Updated

A Russian court on Monday found 13 teenagers guilty of carrying out a series of ethnic attacks, including the murder of a well-known chess champion, a court official said.

The Moscow City Court sentenced the 13 to prison terms ranging from 4 1/2 years to 10 years after convicting them of crimes including ethnically motivated assault and murder, court spokeswoman Anna Usacheva said.

The group's oldest member, Ivan Kolinichenko, was ordered to undergo psychiatric treatment in addition to being imprisoned 10 years.

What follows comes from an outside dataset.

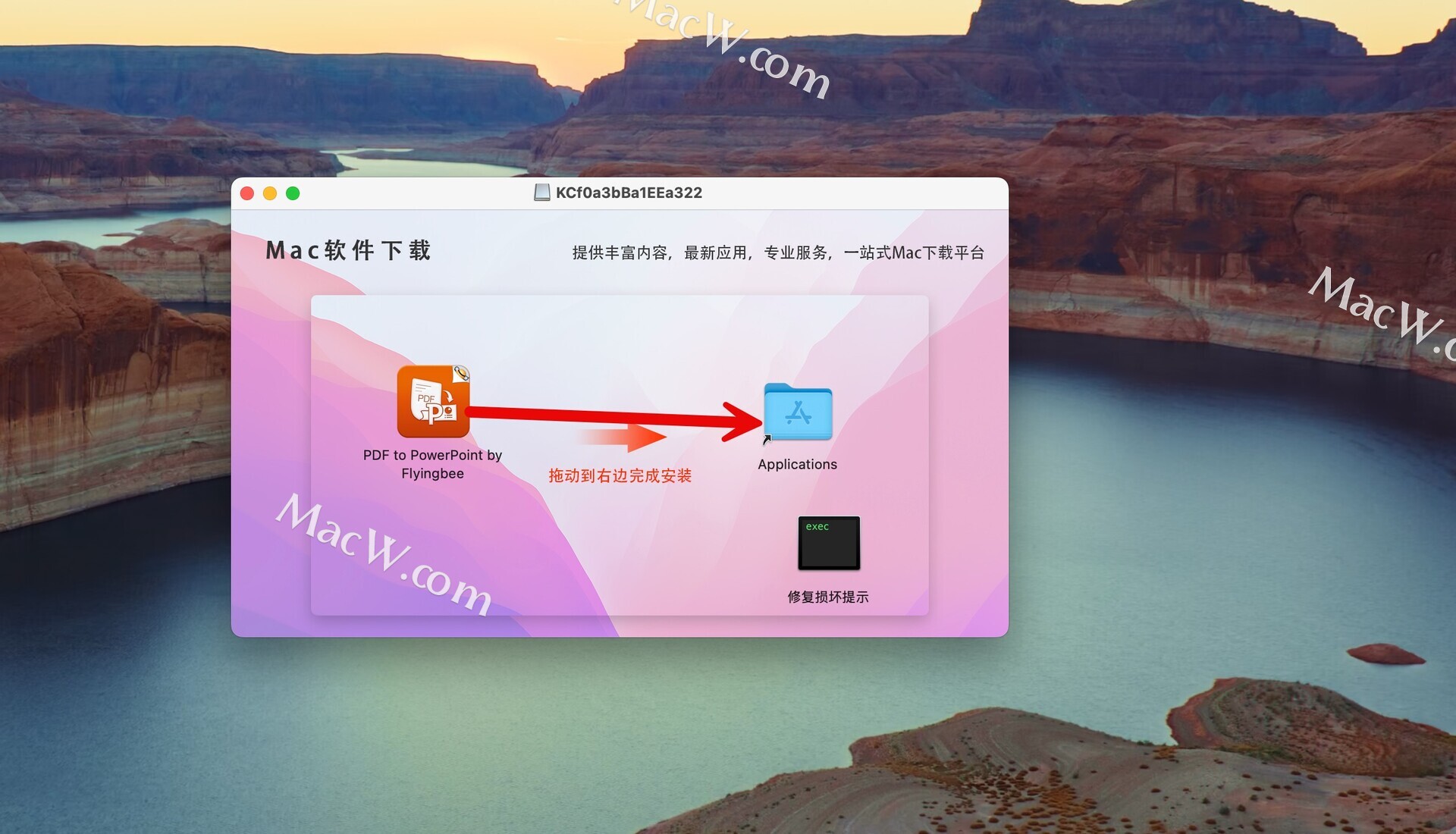 将左侧的Flyingbee PDF to PowerPoint 拖动到右侧的应用程序中即可,如图

The spokeswoman would not say how old he was.

Prosecutor said the group was involved in the October 2007 killing of Sergei Nikolayev, a 46-year-old professional chess player from the Siberian region of Yakutia.

Homemade video of Nikolayev's killing was widely broadcast on Russian TV and Web sites.

Russia has seen an alarming increase in hate crimes in recent years, with skinheads and nationalist groups targeting dark-skinned, non-Slavic-looking immigrants from the Caucasus and former Soviet Central Asia.

Officials have been criticized for downplaying hate crimes and classifying many cases as incidents of hooliganism — a lesser crime.

Hate crime watchdog groups say the number of racially motivated murders is on track to surpass the 2007 total.

Some Russian cultural figures, including one TV journalist, warn that xenophobic attacks might be a byproduct of Kremlin-directed campaigns to encourage patriotism and national pride.